The United Arab Emirates began allowing American forces to operate from bases inside the country during the Persian Gulf war of 1991. Since then, the prince’s commandos and air forces have been deployed with the Americans in Kosovo, Somalia, Afghanistan and Libya, as well as against the Islamic State.
He has recruited American commanders to run his military and former spies to set up his intelligence services. He also acquired more weaponry in the four years before 2010 than the other five Gulf monarchies combined, including 80 F-16 fighters, 30 Apache combat helicopters, and 62 French Mirage jets.
With advice from former top military commanders including former Secretary of Defense James Mattis and General Allen, Prince Mohammed has even developed an Emirati defense industry, producing an amphibious armored vehicle known as The Beast and others that he is already supplying to clients in Libya and Egypt.
The United Arab Emirates are also preparing a low-altitude propeller-driven bomber for counterinsurgency combat — an idea Mr.

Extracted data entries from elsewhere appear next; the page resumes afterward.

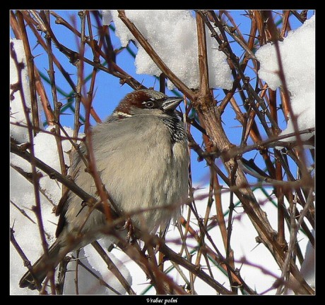 Vrabec domácí se v dálce jeví jako poměrně nenápadný zavalitý pták, ale při bližším pohledu, zvláště pak na samce, jde o poměrně pestře zbarveného ptáka. Má krátký zobák, poměrně dlouhá křídla a krátký ocas.Délka těla: 14-15 cm. Rozpětí křídel: 21 cm..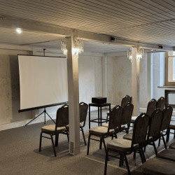 Высокотехнологичное оборудование обеспечивают отличное звучание для ваших выступлений или музыкального сопровождения (ТВ-панели, проектор, экран, а также микрофоны, колонки и звуковая система с сабвуфером)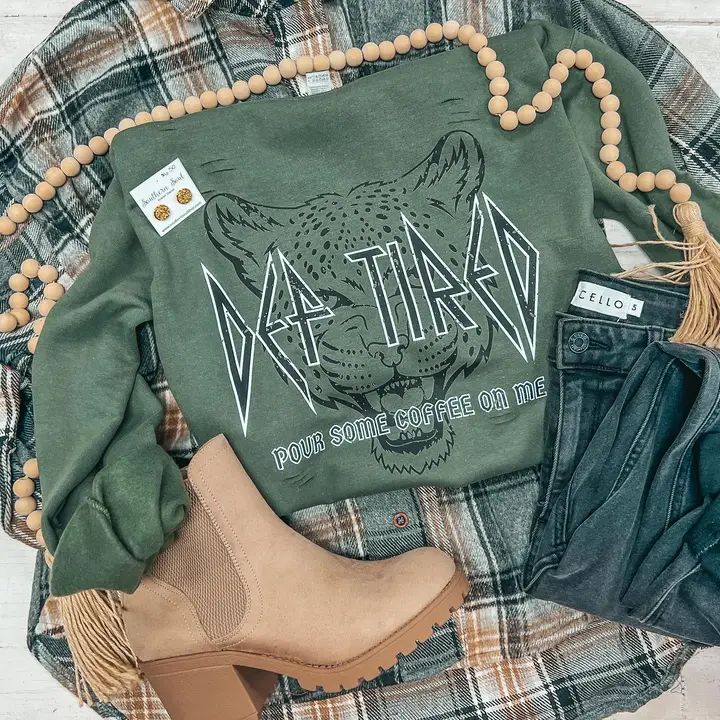 Embrace cozy comfort this fall with the Def Tired Sweatshirt. Featuring a charming green hue inspired by autumn’s natural palette, this sweatshirt captures the relatable feeling of needing a coffee boost. Its soft fabric and relaxed fit make it perfect for chilly days when you want to stay warm and stylish. Ideal for casual wear, this unique piece combines comfort with a playful message that resonates with anyone who’s ever felt “def tired.”

Mattis had long recommended for the United States, a former officer close to him said.
Prince Mohammed has often told American officials that he saw Israel as an ally against Iran and the Muslim Brotherhood. Israel trusted him enough to sell him upgrades for his F-16s, as well as advanced mobile phone spyware.
To many in Washington, Prince Mohammed had become America’s best friend in the region, a dutiful partner who could be counted on for tasks from countering Iranian influence in Lebanon to funding construction in Iraq. “It was well known that if you needed something done in the Middle East,” recalled Richard G. Olson, a former United States ambassador to Abu Dhabi, “the Emiratis would do it.”